- **Dataset records**
§ §

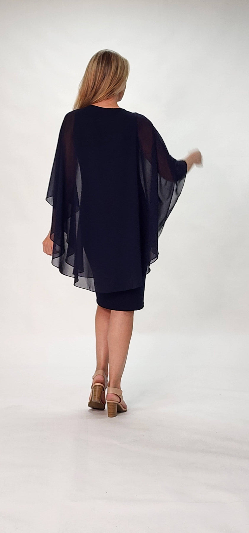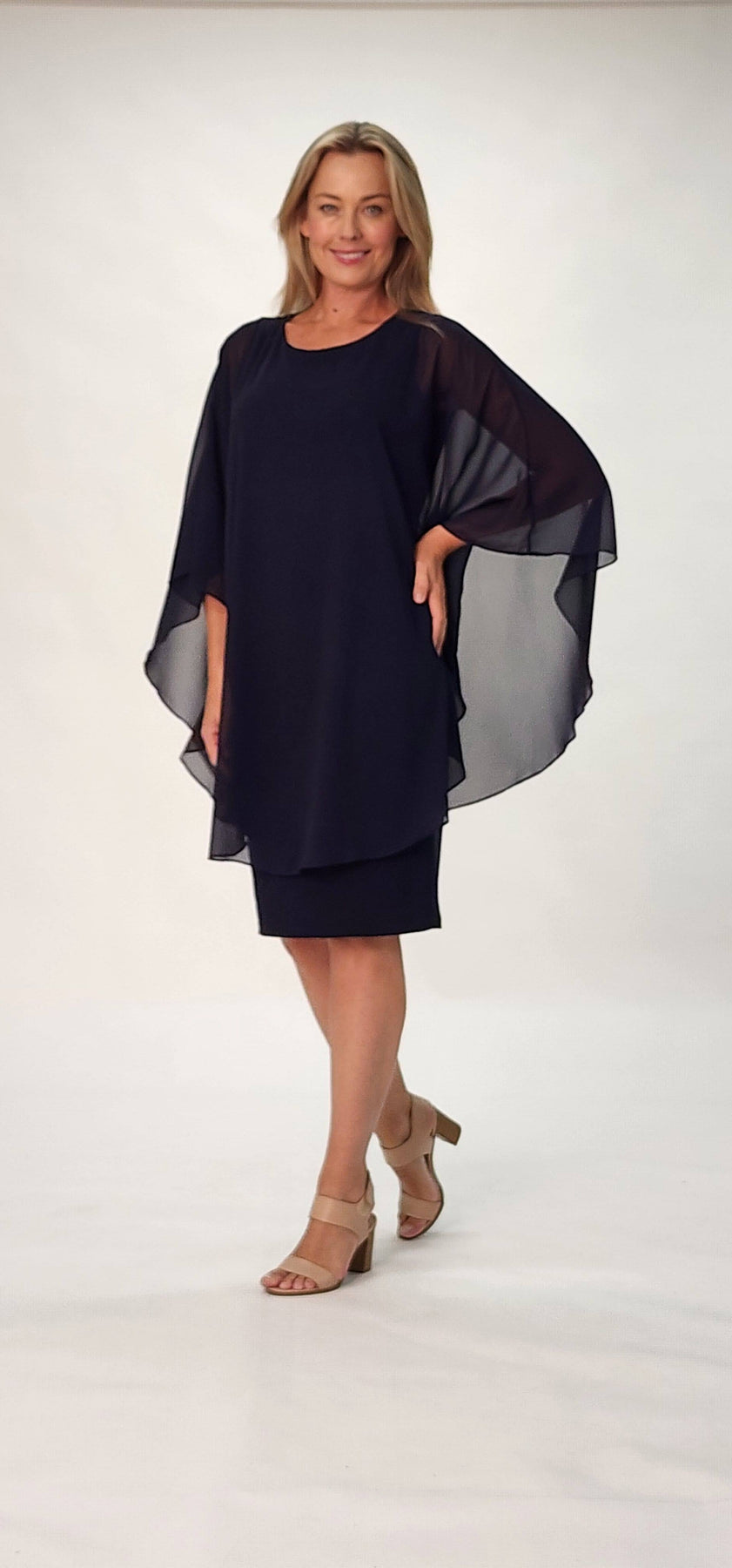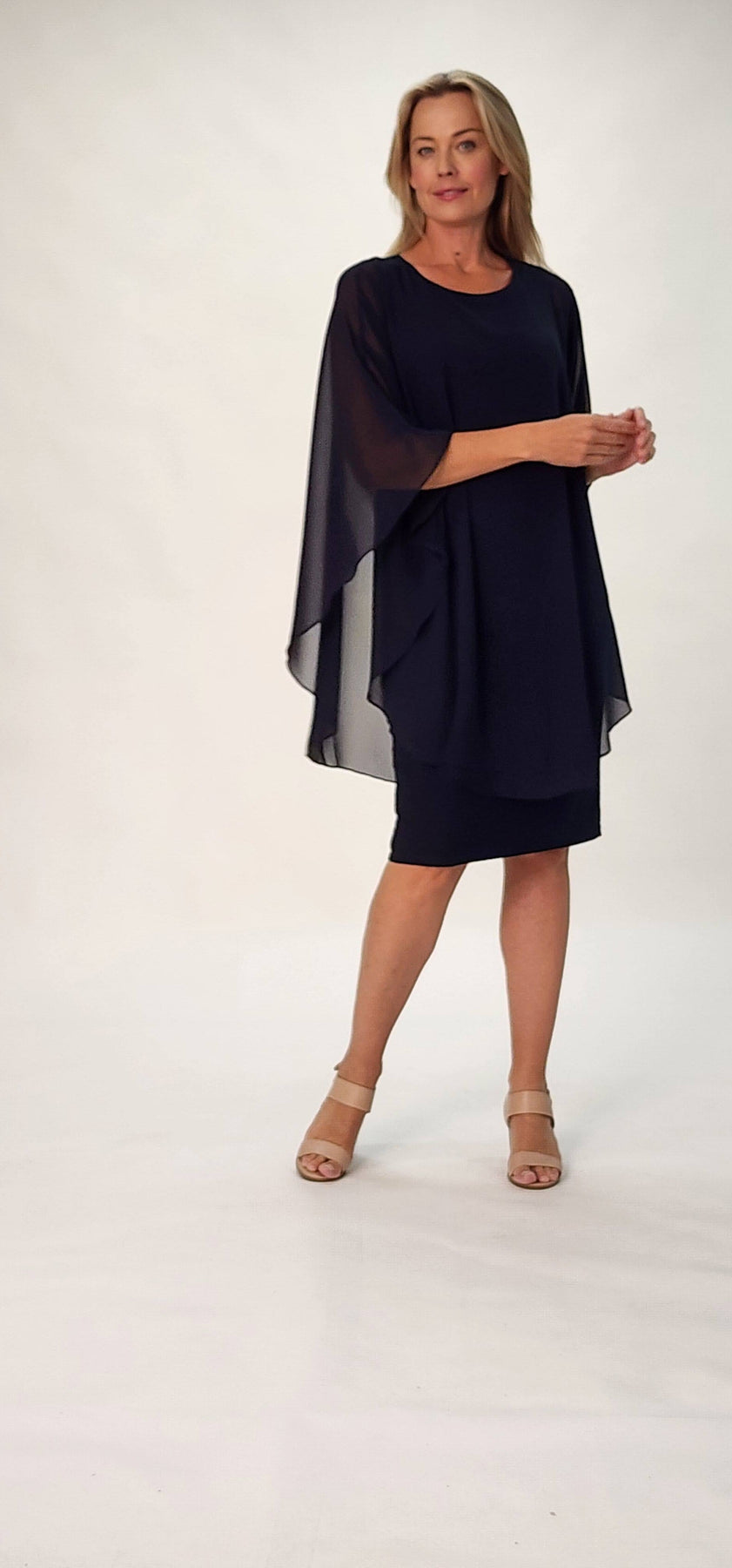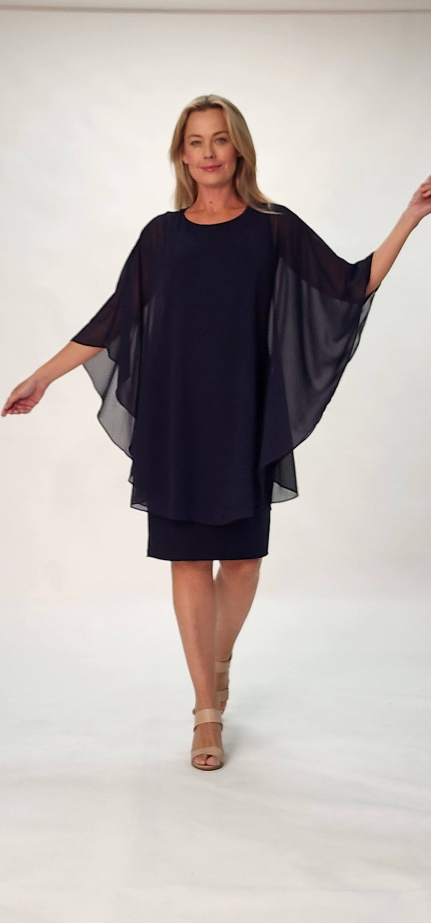 This striking fuchsia dress combines a fluid chiffon overlay cape with a comfortable stretch jersey base, creating a perfect blend of elegance and ease. The delicate chiffon offers graceful movement, while the stretch jersey ensures a flattering fit that moves with you. Ideal for standing out at any event, this dress promises both style and comfort in one stunning package.
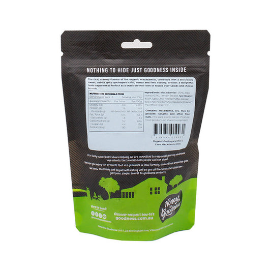 Honest To Goodness Organic Gochugaru Chilli & Lime Macadamias 200g, A Perfect & Healthy Snack
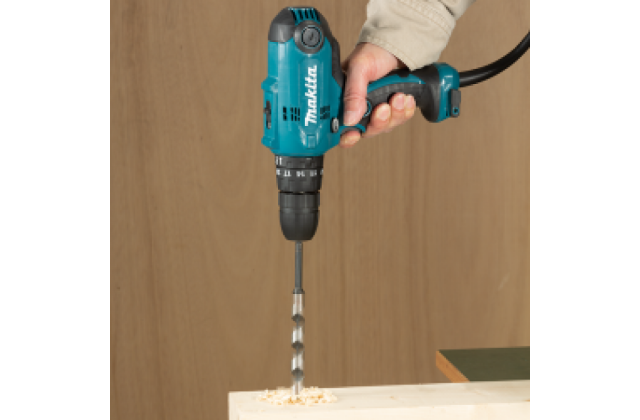 Makita HP0300 оснащен функцией реверса, посредством которой инструмент может и закручивать саморезы, ивыкручивать их. Плюс ко всему, при заклинивании сверла реверс помогает его безопасно извлечь, после чего работа может быть продолжена.
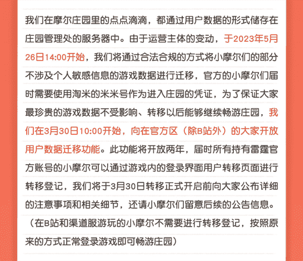 合作结束本就是开发方和代理方双方的事情,,降低这件事情对玩家的影响,,,,才是对所有珍视这段童年的摩尔玩家最好的呵护。。。目前看来,,,用户完全不用担心后续因无法登录游戏而造成任何数据上的损失,,只要及时进行账号转移,,,就可以好好保留、、、、延续在庄园的痕迹和回忆,,,继续在庄园里做快乐的红鼻子小鼹鼠。。。
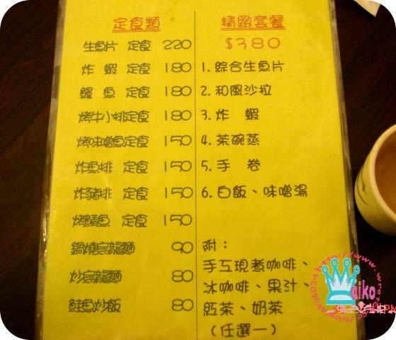 aiko家人,到附近的店家吃定食~就是,和日本料理就是很家庭式,什潢的日本料理店吧台上必的小旗子是店唯一的桌,也是外婆每次都要指定的位置~店的菜,定食都很便宜!背面有一些小菜跟司先一每次必的"中生片",旁附一些的黑豆干唇及海,生片非常新^^每次都要的"炒杏菇",但其一一份定食格一,不算便宜,但嘴就是想吃一下...人多分起也就不算拉~aiko超的"烤牛小排定食",$180元!看看油油亮亮的牛小排,超甜美的照汁,多汁又嫩,最重要的是很多,划算的不得了!旁配上的,相得益彰..."炸定食",$180不要以炸定食只有炸除了炸有茄子,南瓜,青椒等蔬菜,一般天定食,除了比便宜,哈~aiko也好的"烤味增定食",$150淋上檬汁,配上的烤味增.真的是美味,有的一定不要呀^^kj的最,$220~菜有的"烤肚定食"看看有多厚,份量又大,一份220元,你便不便宜?每份定食除了主菜白外,有超棒的和沙拉.汁真的超好吃,很清爽~味增,暖整晚餐的心情,面超多料^^超大碗的茶碗蒸.看看露出一半的蟹肉棒,就知道面很多海料,有,等等,非常美~有每次不同的小菜,次的牛蒡很清脆,的好^^看看多好吃,每都碗底朝天,美味的我把桌面搞的杯狼藉...除了那些定食,很推他的"海苔司",面有小炸,超妙~另外他的子井(打不出ㄉㄨㄥ字),牛井也都超棒的,大家都可以看唷^^不景,越越小,aiko和真是好,吃了那多,平均一人才200出,真的超便宜又划算最重要的是很好吃...的家庭料理店,比市面上便宜的格,有大大的美味喜~台北市街153,想用小吃到的美食?好吃又便宜的和日本料理,用小得大大足的感唷~但有候上菜有慢,耐心等候^^

§ §

- **WHAT THIS TASK INVOLVES**
Restate word for word the lines running from the one with "Makita HP0300 оснащен" to the end of the entries; pictures are to be left out.

- **SOLUTION FOR THIS PROBLEM**
 Makita HP0300 оснащен функцией реверса, посредством которой инструмент может и закручивать саморезы, ивыкручивать их. Плюс ко всему, при заклинивании сверла реверс помогает его безопасно извлечь, после чего работа может быть продолжена.
 合作结束本就是开发方和代理方双方的事情,,降低这件事情对玩家的影响,,,,才是对所有珍视这段童年的摩尔玩家最好的呵护。。。目前看来,,,用户完全不用担心后续因无法登录游戏而造成任何数据上的损失,,只要及时进行账号转移,,,就可以好好保留、、、、延续在庄园的痕迹和回忆,,,继续在庄园里做快乐的红鼻子小鼹鼠。。。
 aiko家人,到附近的店家吃定食~就是,和日本料理就是很家庭式,什潢的日本料理店吧台上必的小旗子是店唯一的桌,也是外婆每次都要指定的位置~店的菜,定食都很便宜!背面有一些小菜跟司先一每次必的"中生片",旁附一些的黑豆干唇及海,生片非常新^^每次都要的"炒杏菇",但其一一份定食格一,不算便宜,但嘴就是想吃一下...人多分起也就不算拉~aiko超的"烤牛小排定食",$180元!看看油油亮亮的牛小排,超甜美的照汁,多汁又嫩,最重要的是很多,划算的不得了!旁配上的,相得益彰..."炸定食",$180不要以炸定食只有炸除了炸有茄子,南瓜,青椒等蔬菜,一般天定食,除了比便宜,哈~aiko也好的"烤味增定食",$150淋上檬汁,配上的烤味增.真的是美味,有的一定不要呀^^kj的最,$220~菜有的"烤肚定食"看看有多厚,份量又大,一份220元,你便不便宜?每份定食除了主菜白外,有超棒的和沙拉.汁真的超好吃,很清爽~味增,暖整晚餐的心情,面超多料^^超大碗的茶碗蒸.看看露出一半的蟹肉棒,就知道面很多海料,有,等等,非常美~有每次不同的小菜,次的牛蒡很清脆,的好^^看看多好吃,每都碗底朝天,美味的我把桌面搞的杯狼藉...除了那些定食,很推他的"海苔司",面有小炸,超妙~另外他的子井(打不出ㄉㄨㄥ字),牛井也都超棒的,大家都可以看唷^^不景,越越小,aiko和真是好,吃了那多,平均一人才200出,真的超便宜又划算最重要的是很好吃...的家庭料理店,比市面上便宜的格,有大大的美味喜~台北市街153,想用小吃到的美食?好吃又便宜的和日本料理,用小得大大足的感唷~但有候上菜有慢,耐心等候^^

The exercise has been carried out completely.